Something for your “I hate cliches” list. When I was in college, a bunch of folks used to get together to watch old reruns of the Bob Newhart Show (the one where he’s a shrink) and play a drinking game called, “Hi, Bob.” Any time someone said “Bob” on the show meant one of the TV watchers had to take a drink. If someone
said “Hi, Bob,” it was two drinks.Anyway, there is an ESPN sportscaster — Stuart Scott — who has inspired a new generation of the “Hi, Bob” drinking game. For want of a better title, let’s call the game “Stuart Scott Sucks.” Scott has developed a whole series of pet phrases, then proceded to overuse them in such a way they’ve become more old and tired than most cliches. While airing the day’s sports highlights, Scott might note that someone “must be better because he’s on a roll,” or “is as cool as the other side of the pillow.”
He’s got dozens of these things, including one where he drops into the voice of a revival preacher and says “The Lord says you’ve got to rise up,” whenever a team starts a rally. I recently had some contact with a couple of college campuses and found out there are frats using Stuart Scott’s cliches for a drinking game similar to “Hi, Bob.” When this happens, I believe it’s time to find some new pet phrases.

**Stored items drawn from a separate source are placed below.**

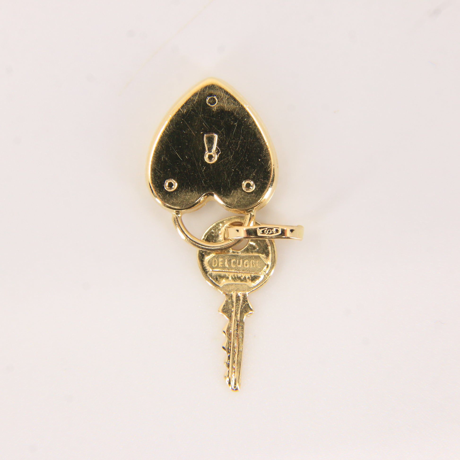 A romantic vintage 18k yellow gold heart and key charm engraved “Del Cuore,” meaning “of the heart.” Finely made in Italy, this solid gold pendant symbolises love and devotion — perfect as a thoughtful gold gift or collector’s piece.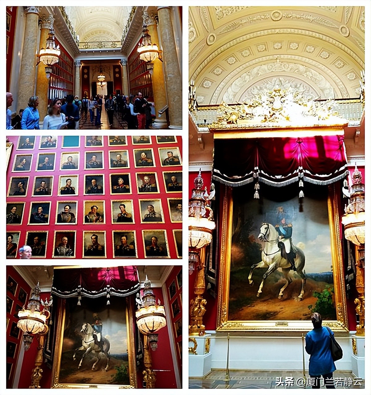 这是“战争走廊”,两侧红色的墙壁上悬挂着329幅油画肖像。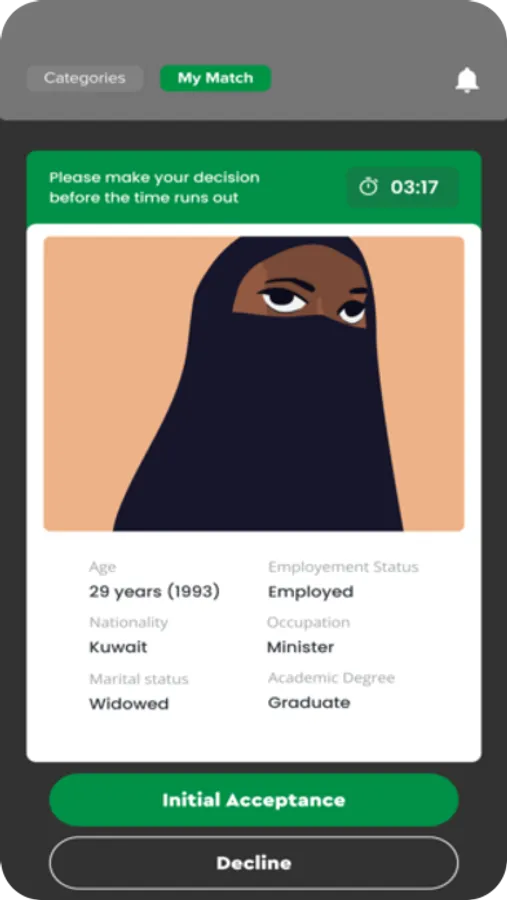 The sole purpose of the Service is to automatically match potential husband and wife for lawful marriage only, and not for any other purposes, based on specific criteria provided by users. The Service paves the way for lawful engagement. The Batzawaj App’s role ends with the mutual acceptance of both parties.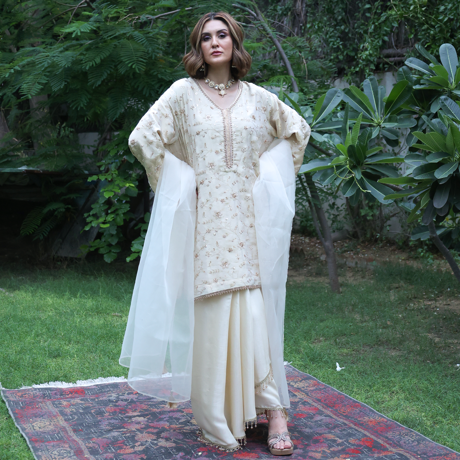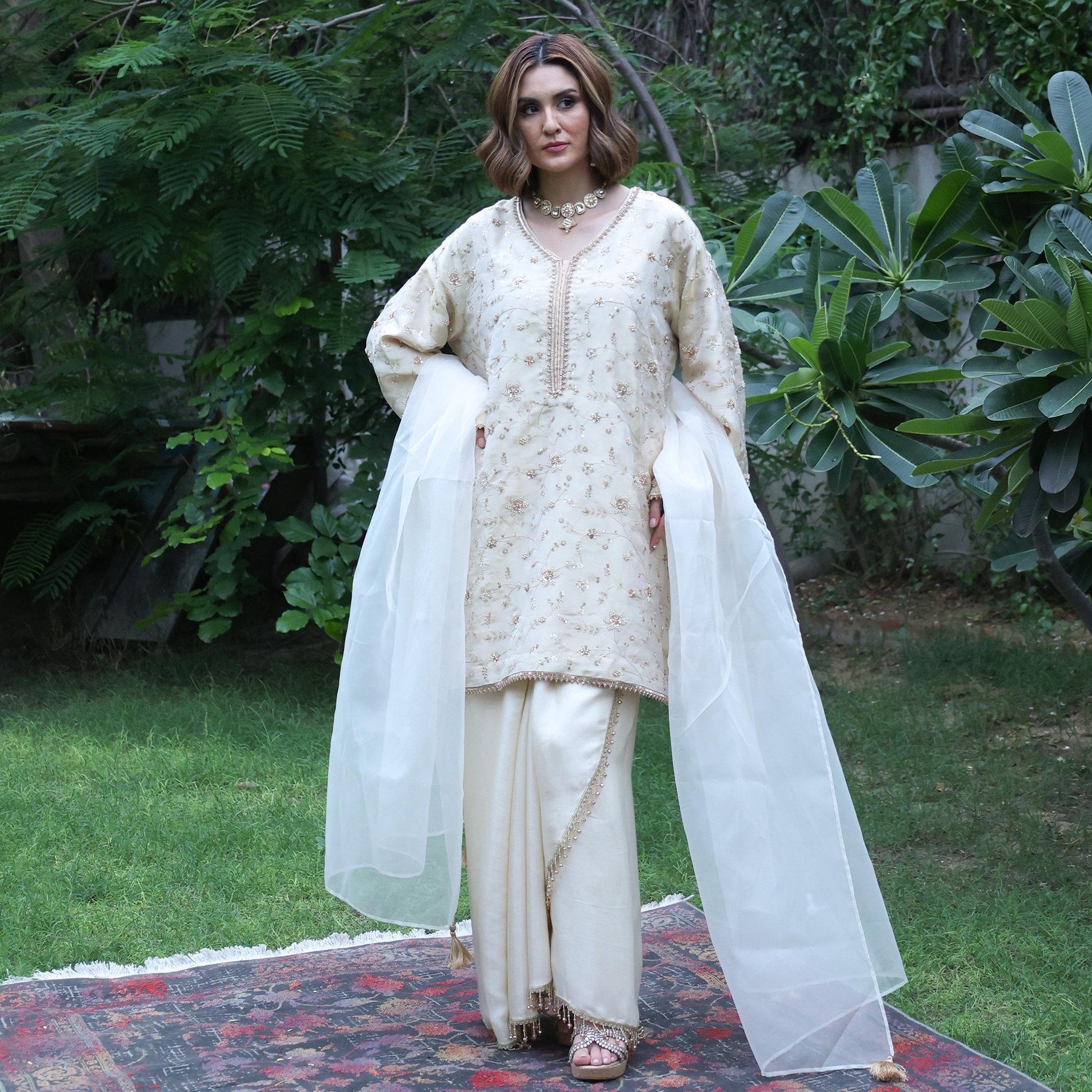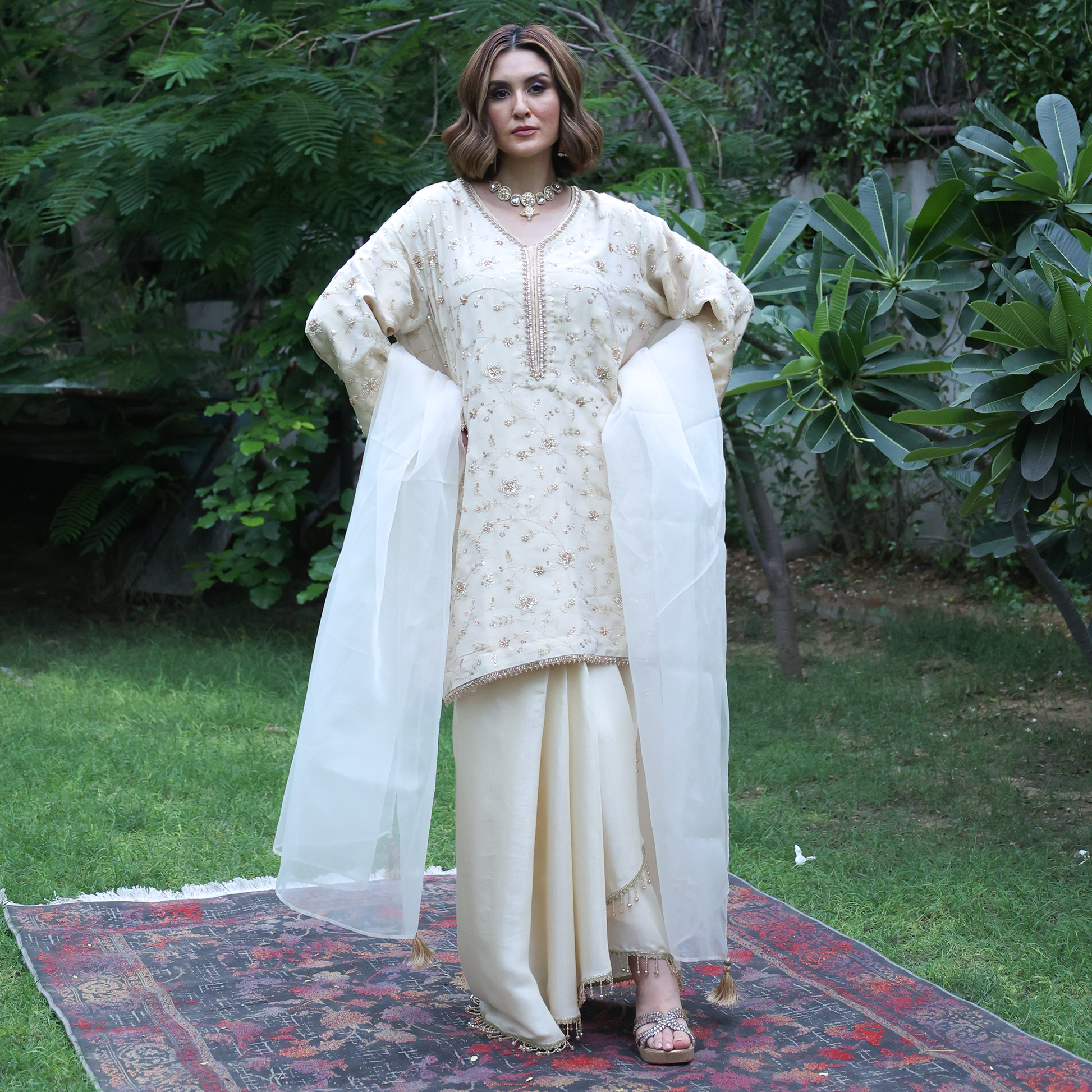 Elevate your festive style with this elegant ivory and gold Masuri outfit. The short shirt features a V-neckline with slit, adorned with bead lace and cut dana embroidery for a refined touch. Paired with a sarong-style skirt embellished with bead detailing and a gold organza dupatta, this ensemble blends traditional charm with modern elegance. Perfect for weddings, festive events, and evening wear, this outfit is a timeless addition to your wardrobe.

About the only thing I’ve heard that compares to this, is the bar that played Seinfeld Bingo for the final Seinfeld episode. The bar put together a list of 15 recurring characters (Soup Nazi), 15 pet phrases (New-man), 15 gestures (Kramer coming in a door), 15 guest characters (Keith Hernandez) and 15 episodes (masters of their domains) and gave them all Bingo numbers. They passed out Bingo cards and gave prizes to the players who filled their Bingo cards first as the references appeared in the show’s final episode.

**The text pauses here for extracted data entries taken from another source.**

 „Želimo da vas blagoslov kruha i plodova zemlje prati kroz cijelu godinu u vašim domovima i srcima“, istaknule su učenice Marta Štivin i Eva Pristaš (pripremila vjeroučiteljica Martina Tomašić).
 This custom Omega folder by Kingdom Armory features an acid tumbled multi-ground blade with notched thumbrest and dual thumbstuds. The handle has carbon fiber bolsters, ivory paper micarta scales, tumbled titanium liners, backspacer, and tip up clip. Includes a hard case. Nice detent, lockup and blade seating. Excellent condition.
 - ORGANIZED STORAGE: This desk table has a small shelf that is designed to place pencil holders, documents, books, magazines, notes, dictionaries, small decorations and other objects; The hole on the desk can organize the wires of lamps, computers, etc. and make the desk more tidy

Juneau Empire sports editor
P.S., I don’t know if you can find it, but in 1988 or 89, USA Today ran a story about a left-handed pitcher for the Philadelphia Phillies named Don Carman. This guy wrote up a list of about 50 sports cliches — “We’re just taking it one game at a time,” “There’s no ‘I’ in team,” etc. — and gave them all numbers. He posted the list above his locker with a note reading, “You saw the game, pick which ones you need.” When some poor scribe caught up to Carman for an interview, he’d answer the writer’s questions with numbers from his list. At least he had fun with it. I believe this took place before the famous scene in Bull Durham where Crash Davis is teaching Nuke Laloosh his cliches.